Task prompt
Every line from the one with "汚し塗装がガッツリされている" to the end of the listing below must be printed exactly, with no other text and no pictures.

Information supplied
———

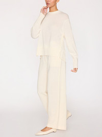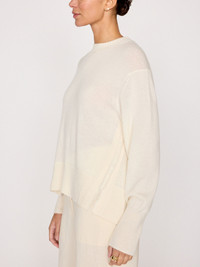 - Runs true to size - Relaxed fit - Crewneck - Mixed gauge trims at neck and side seams - Forward side seam detailing with cut fringe detailing and hem splits. - Long sleeves - 100% Cashmere - Imported - Model is 5'9" and is wearing a size Small The newest addition to our signature, fringe sweater collection, our Fenton Crewneck Fringe Sweater, in a luxe, all-season cashmere, is that effortless piece that is still so special. Mixed gauge, self-fringe trim details accent the sensual, forward side seams of this easy crewneck, adding that touch of Brochu Walker drama you love, while a relaxed fit allows for comfort, making this the sweater you will cherish as the temperatures starts to cool. Part of our ‘Kinder To The Environment’ collection, it is made RWS-certified, traceable yarn which means it adheres to stringent animal welfare standards.
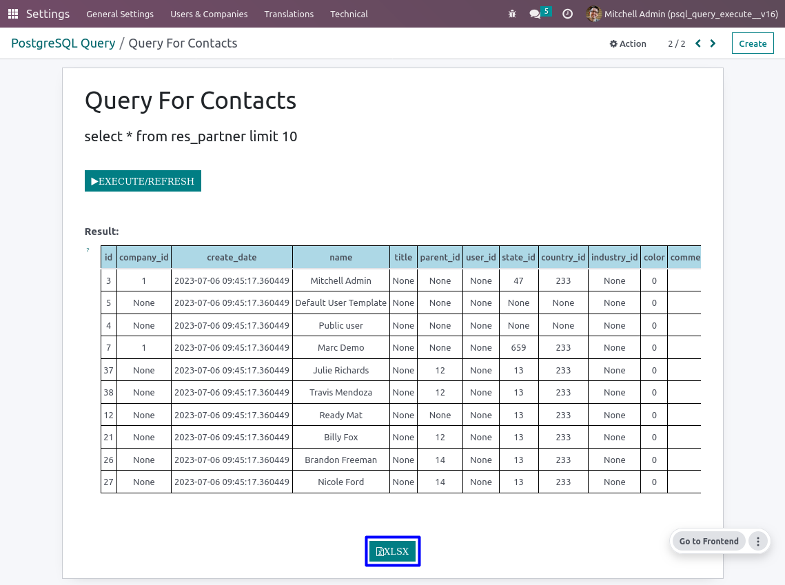 This module helps you execute a query directly in the Odoo interface and output your query in Excel.
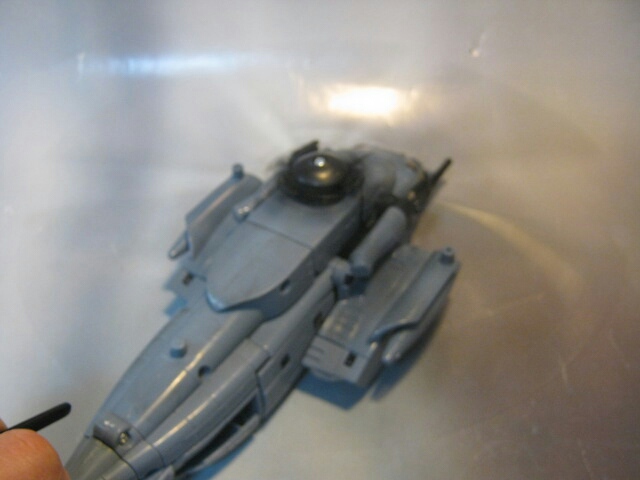 汚し塗装がガッツリされていると言うか汚し塗装しかされてません。それ以外の塗装は無し。後ろに光を当てれば集光ギミックでボンヤリ発光します。
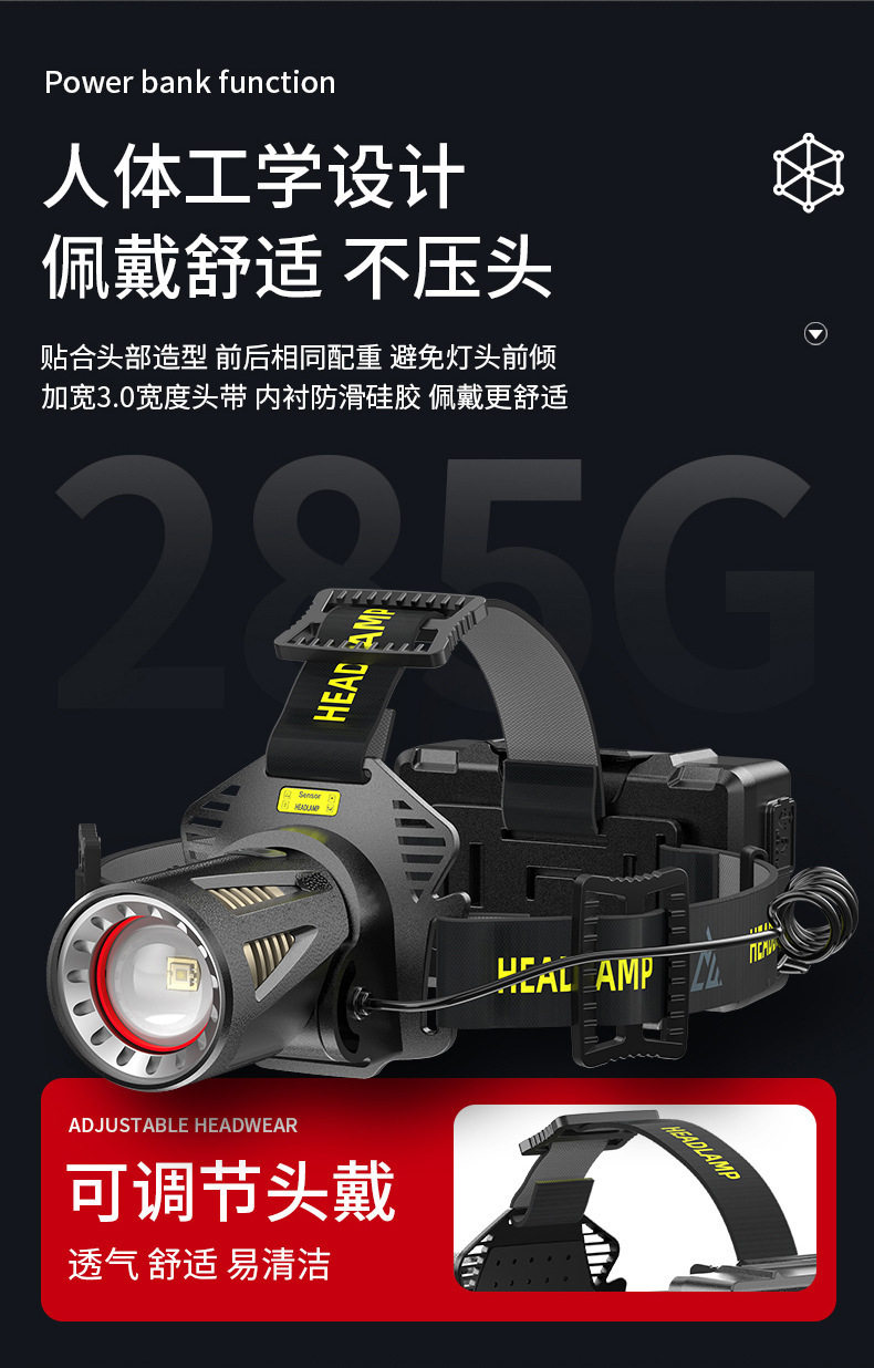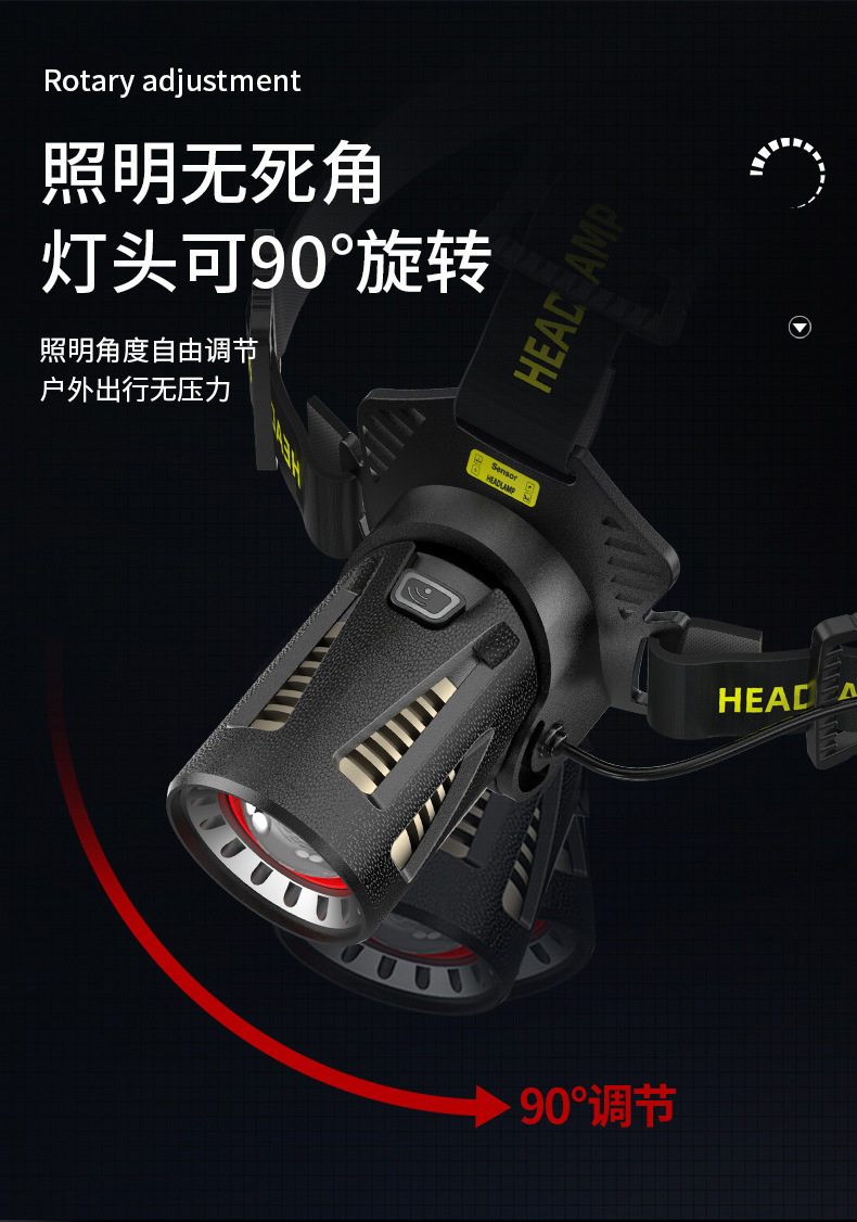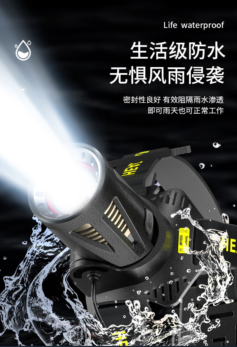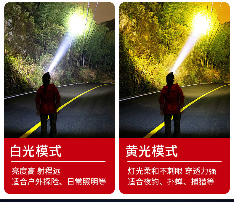 Headlamp with Strong Light, Rechargeable, Ultra-Bright, New Head-Mounted Flashlight, Ultra-Long Battery Life, Yellow Light, Special for Night Fishing

———

The completed task
 汚し塗装がガッツリされていると言うか汚し塗装しかされてません。それ以外の塗装は無し。後ろに光を当てれば集光ギミックでボンヤリ発光します。
 Headlamp with Strong Light, Rechargeable, Ultra-Bright, New Head-Mounted Flashlight, Ultra-Long Battery Life, Yellow Light, Special for Night Fishing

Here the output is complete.